RBS will also place at least £200 billion of toxic assets into the government’s asset-protection scheme, a controversial insurance scheme designed to protect banks against further losses.

Billionaire investor Wilbur Ross leads a pack of vulture funds that are talking to the bank and the government about buying some of the bad loans, although it is unlikely a deal will be agreed in time for Thursday’s results. Virgin Money, Sir Richard Branson’s mortgage business, is another possible buyer.

The “good bank” will comprise retail and commercial banking in Britain, America and a handful of other countries where RBS has a significant presence.

So Infy was their “Best Technology Supplier” in 2007. Does it get the good bank, or the bad bank or both? Will there be enough work left, given most of the bad bank assets will be hived off? We’ll have to wait and see.
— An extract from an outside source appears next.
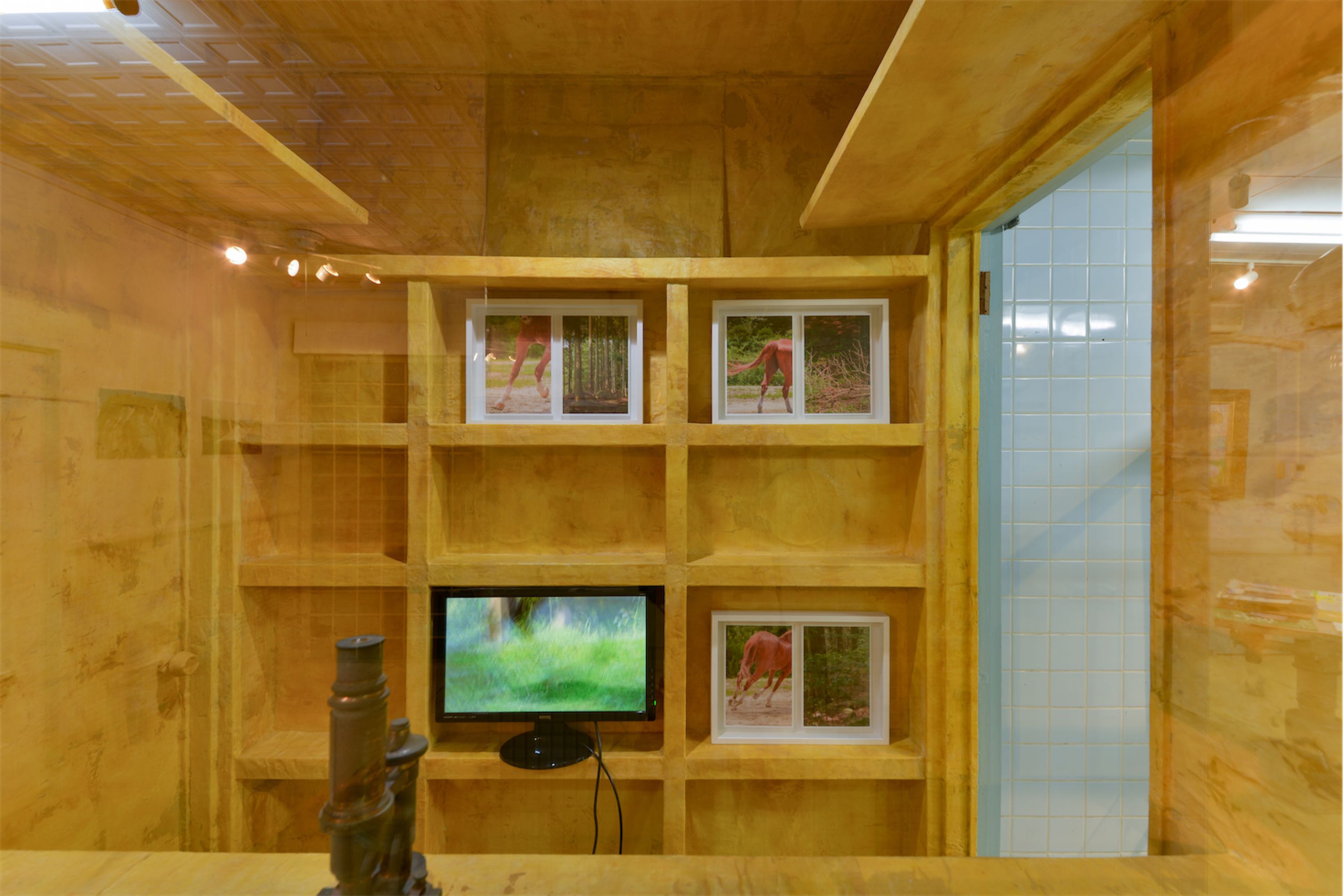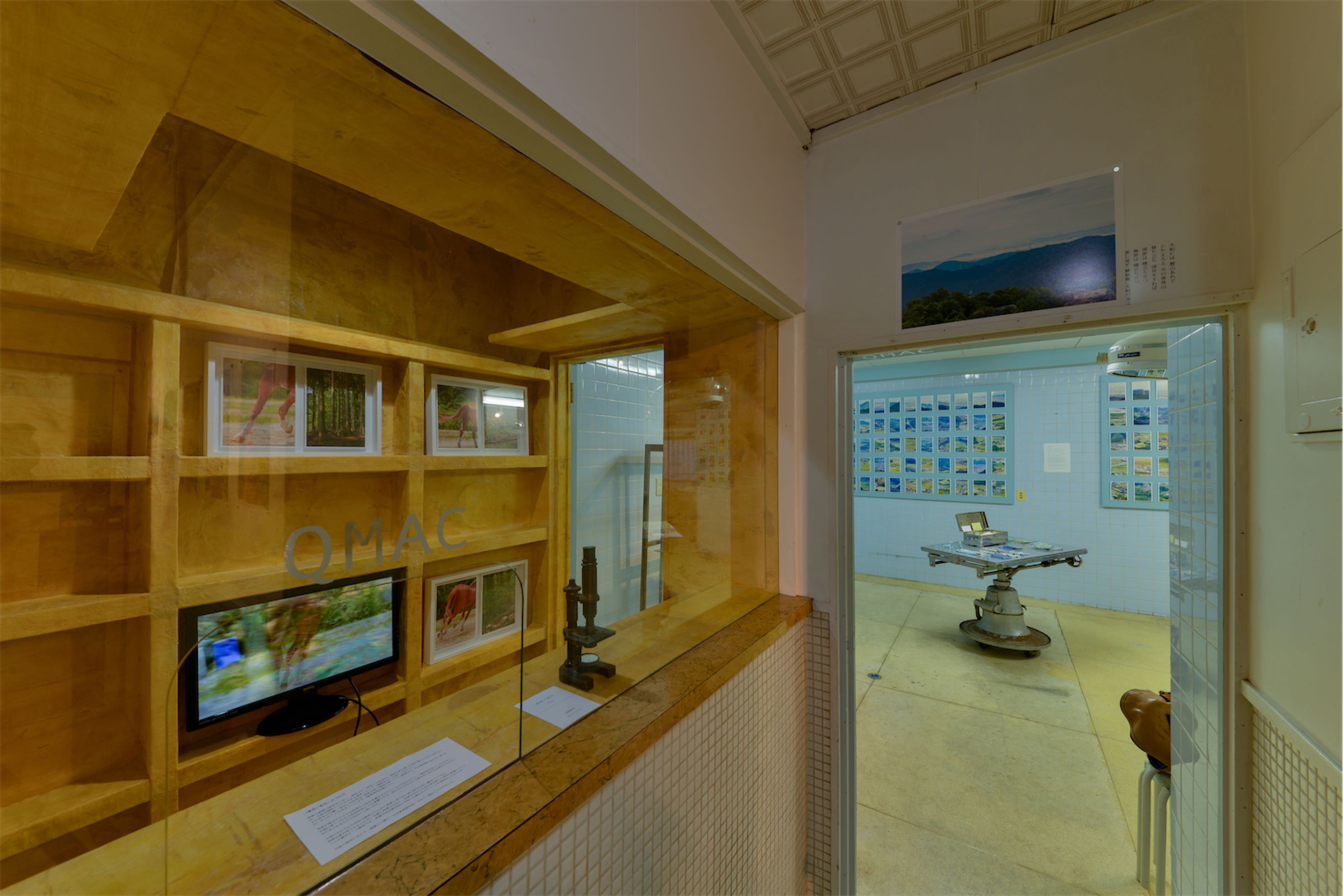長野聡史さんの作品は大きく二つのシリーズで構成されていた。会場に入って正面のフロアには、写真と映像による《馬見/足白》(2018年)が展示されている。遠賀川の源流点である「馬見」とその麓に位置する「足白」。馬見と足立の伝承を基にした本作は、「神武天皇が見たかもしれない光景の再現ではなく、伝承をもとにした未だ見ぬ新しい現代の筑豊のビジュアルの提示」だという。モニターからは、作家の記憶を覗き見るような揺れ動く視点のなか、森の中を駆け回る馬と、穏やかな山中の様子が重なり合うイメージが映しだされていた。映像の横には、神武天皇が見た光景を想起させる白い足の馬と、現在の馬見山の山中が対となって掲示されている。駆け出す馬の動と森の静、古くに伝わる馬見山と現代の馬見山、光と影、そうした対概念を反復させながら、新たなイメージを与えているように感じられた。

Some UK taxpayers must be pissed. Calculated Risk says they can put what they want in the bad bank, they take only the first 10% of losses – the UK taxpayer takes the rest.

Interestingly, they say they’ll do the same to Northern Rock. If everyone follows this model, we’ll have to change all the IVR software:

“Welcome to Big Bank. If you want the good bank, press 1. If you want the bad bank, don’t bother, we don’t take any phone calls. We’re that bad. Oh, and thanks for your taxes.”